In using IFS in therapy, the ultimate goal is to heal the exiled parts. But usually first we need to work with the protector parts to make sure they feel that it’s safe enough to do this work, to let the work proceed. For example, there might be a part of a person that feels very afraid to let a therapist and the client work on an old trauma because the protector part believes that the trauma coming up would be too much for the client to handle and process. So we work with that protector part to reassure it and do whatever helps it feel safe enough to let the trauma work proceed. Once the protector parts feel OK about doing the deeper work to heal an exiled part we do that work, sometimes the IFS work does it and sometimes regular EMDR processing (of trauma) does the healing.
In using IFS for sex addiction therapy we also believe that the part of a person that carries out the sex addiction behavior is a fire fighter part and its doing its job of acting out sexually to put out whatever the emotional / psychological fire is.
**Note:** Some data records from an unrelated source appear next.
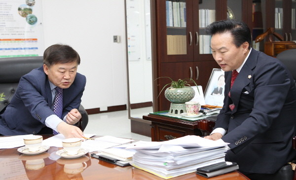 지난 19일 조동탁 강동구의회 의장(사진 오른쪽)이 구의회를 방문한 황평연 서울지방병무청장을 만나 병무청의 올해 주요 역점사업에 대한 설명을 듣고 양기관의 협업방안에 대해 논의하고 있다.(사진제공=강동구의회)
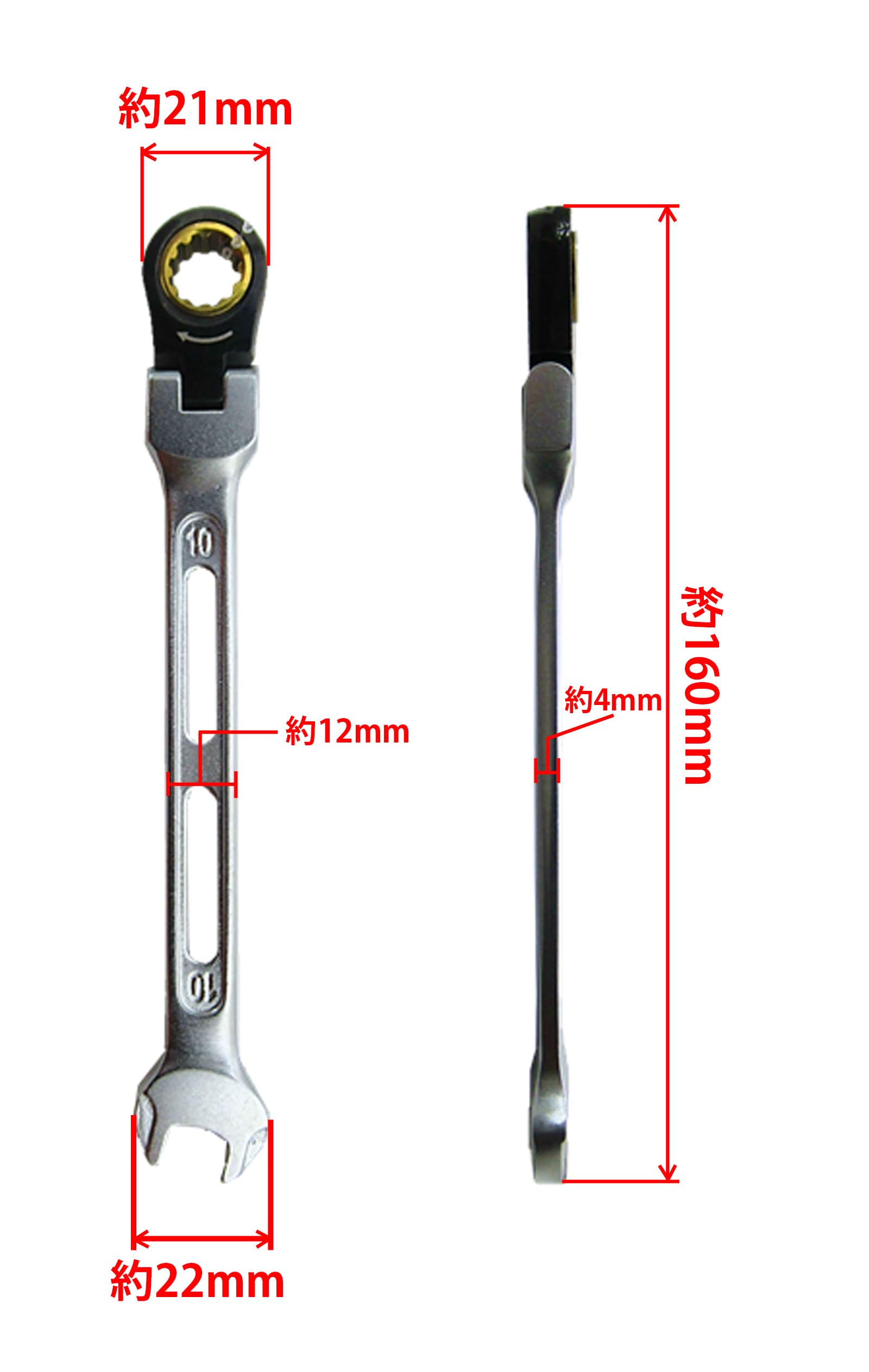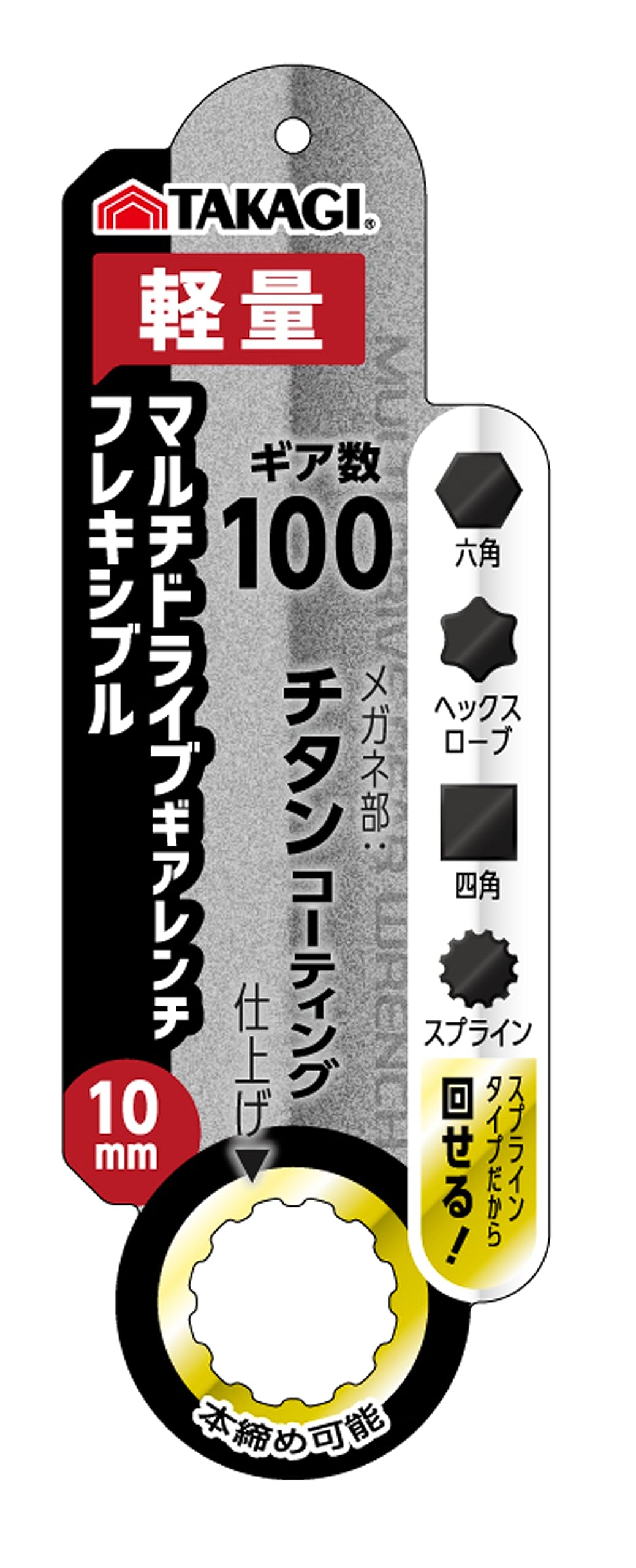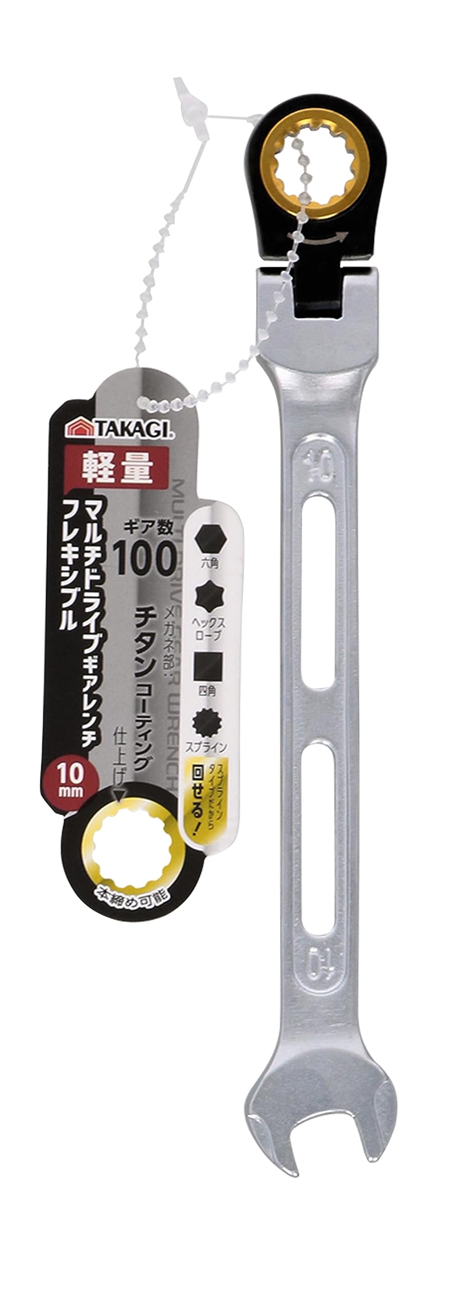 高儀(Takagi) マルチ ドライブ ギア レンチ フレキシブル 10mm ラチェットレンチ 首振り180° ギア数100 本締め 軽量 作業工具 ボルト ナット 締めつけ ゆるめ
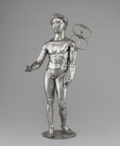 que nous allions découvrir une collection exceptionnelle provenant de la Bibliothèque Nationale de France, dont l’un des plus fameux trésors d’argenterie de l’Antiquité gallo-romaine : le célèbre trésor de Berthouville, découvert en 1830 par un paysan normand (Prosper Taurin) qui labourait son champ. Il comptait, comme cela se faisait à l’époque, faire fondre ces trouvailles, mais un notable de sa ville lui conseilla de les montrer à des experts, ce qui pourrait lui apporter bien plus d’argent….
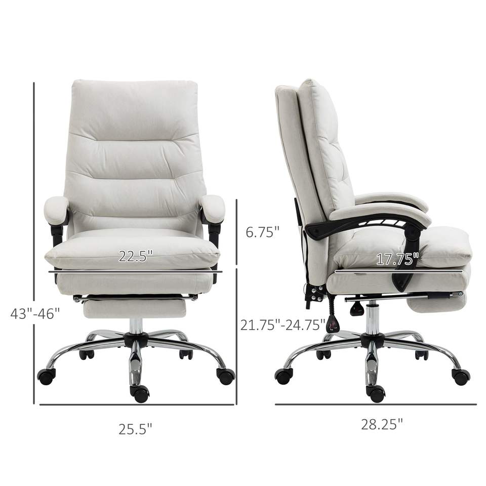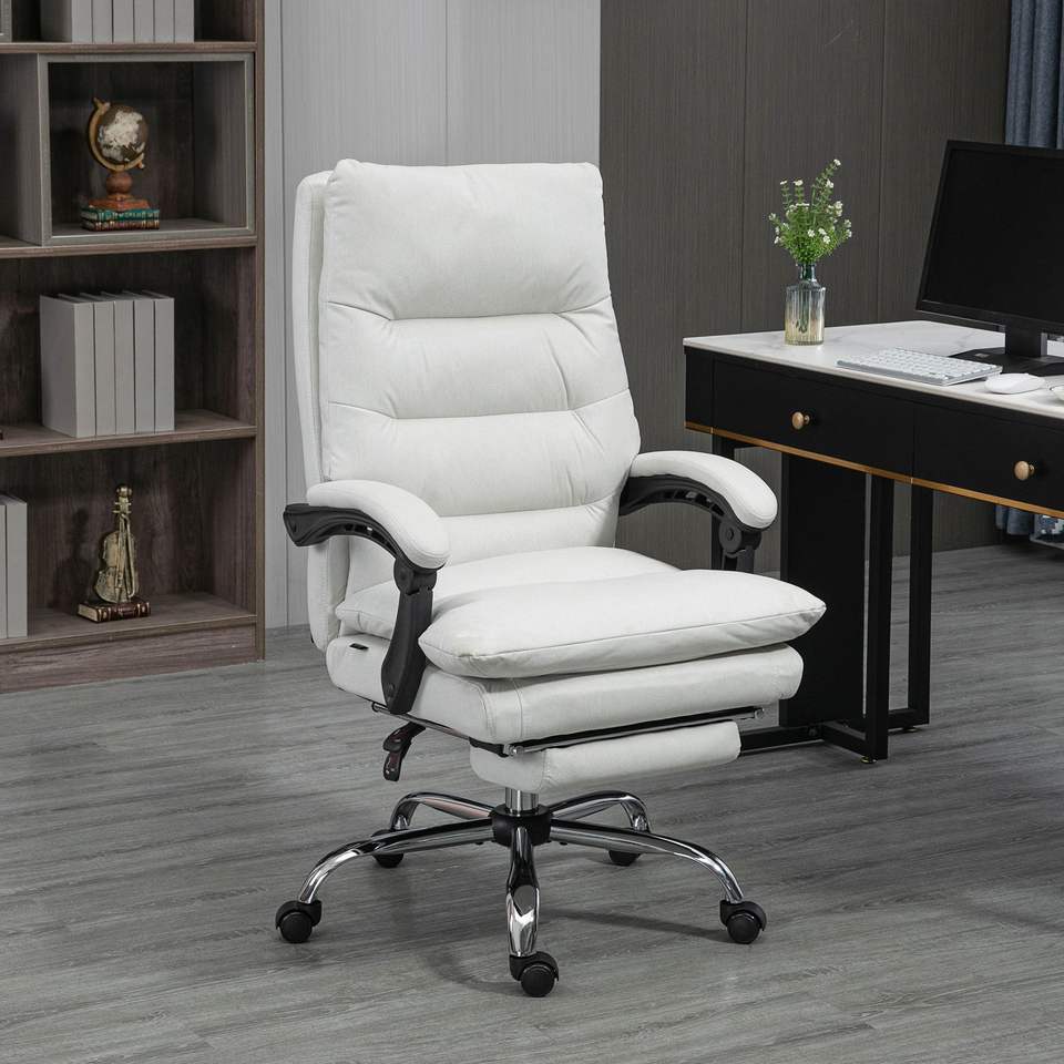 Fauteuil de bureau inclinable en microfibre blanc crème avec repose-pieds et accoudoirs chauffants, massage et vibration
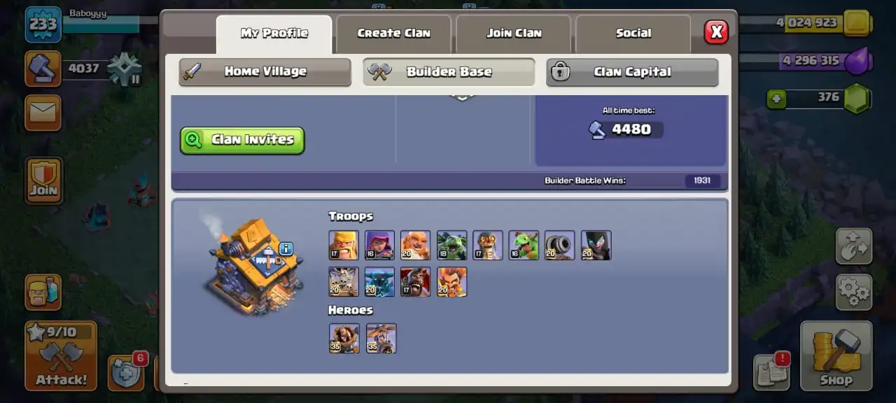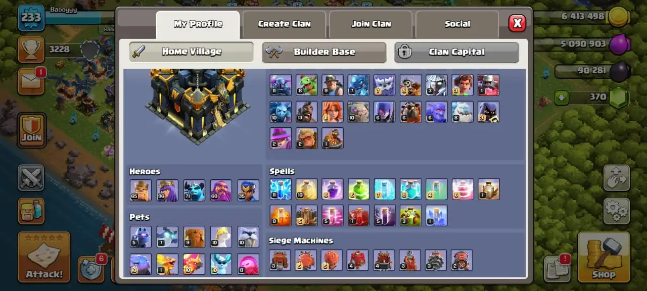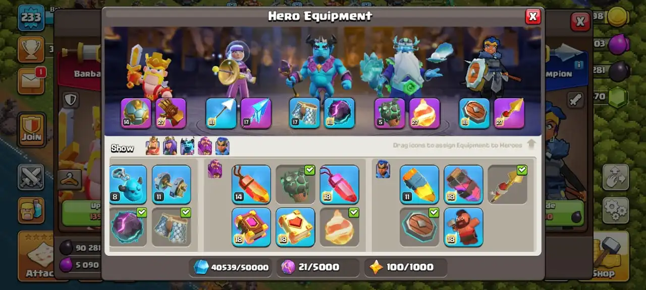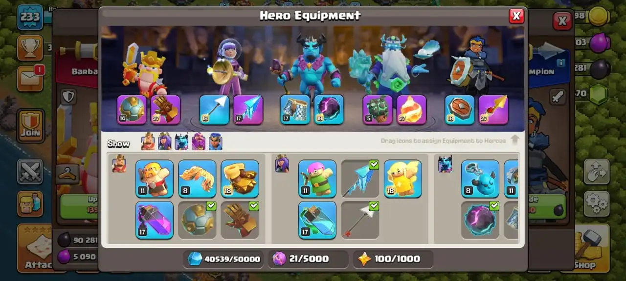 Rare☠️3 max epic equipment✅TH 17 semi max🔥high heroes level 65/96/71/60/35⭐️500 cwl medal⚒️6 builder’s✅2 scenery and 6 heroes skin
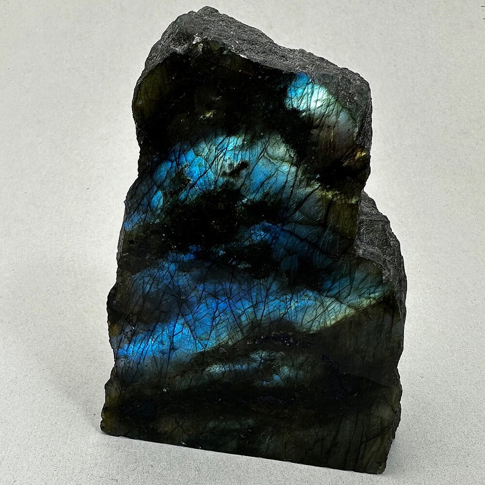 This stunning iridescent Free Standing Labradorite stone, which has been part polished, displays spectacular flashes of moving colours in blue, red, gold and bronze green.
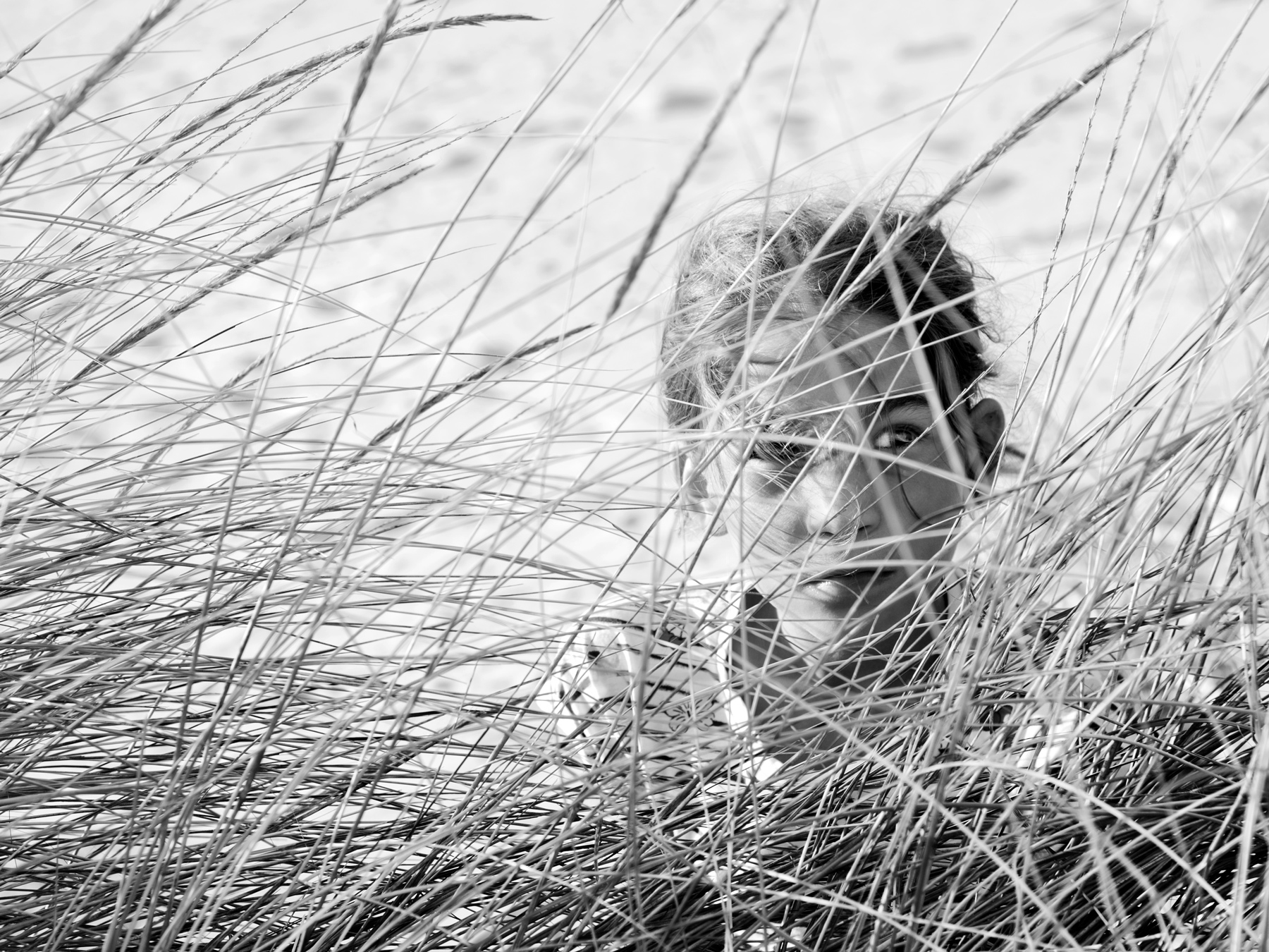 La trama sottile dei fili d'erba nascondono leggermente il soggetto ed al contempo amplificano la curiosità di andare a cercare ogni minimo particolare di questo bel viso celato.

For example, if there’s an exiled part that was chronically criticized and shamed as a young boy, the firefighter parts job is to make sure that when this part gets activated say by someone criticizing the person in current time, the firefighter part will come in with the sex addiction behavior to dampen out the activation of the exiled young boy that is holding the pain, shame and wound of being criticized. So in the IFS part of the work, we work to heal the young boy part that is carrying those wounds of being shamed by criticism. When we get those wounds healed and released, we come back to the firefighter part to show it that this part is no longer wounded and it no longer needs to do its job. Sometimes we need to work with the firefighter part to help it find a new role. And I always work with the firefighter part to really listen to it, hear its concerns, let it know that I get it and what its been doing for the person, this is really important as it builds trust with the part. In IFS work we don’t fight or argue with any parts, we work with these parts to build trust and cooperation. When things go well, these firefighter parts are much more open to letting go of their role as they see the exiled part(s) are OK now and the extreme behavior is no longer needed. Sometimes I’ll go back and use the Feeling State Addiction Protocol to work with a firefighter part to help let go of the sexually addicted behavior, and to transform it into a healthy role.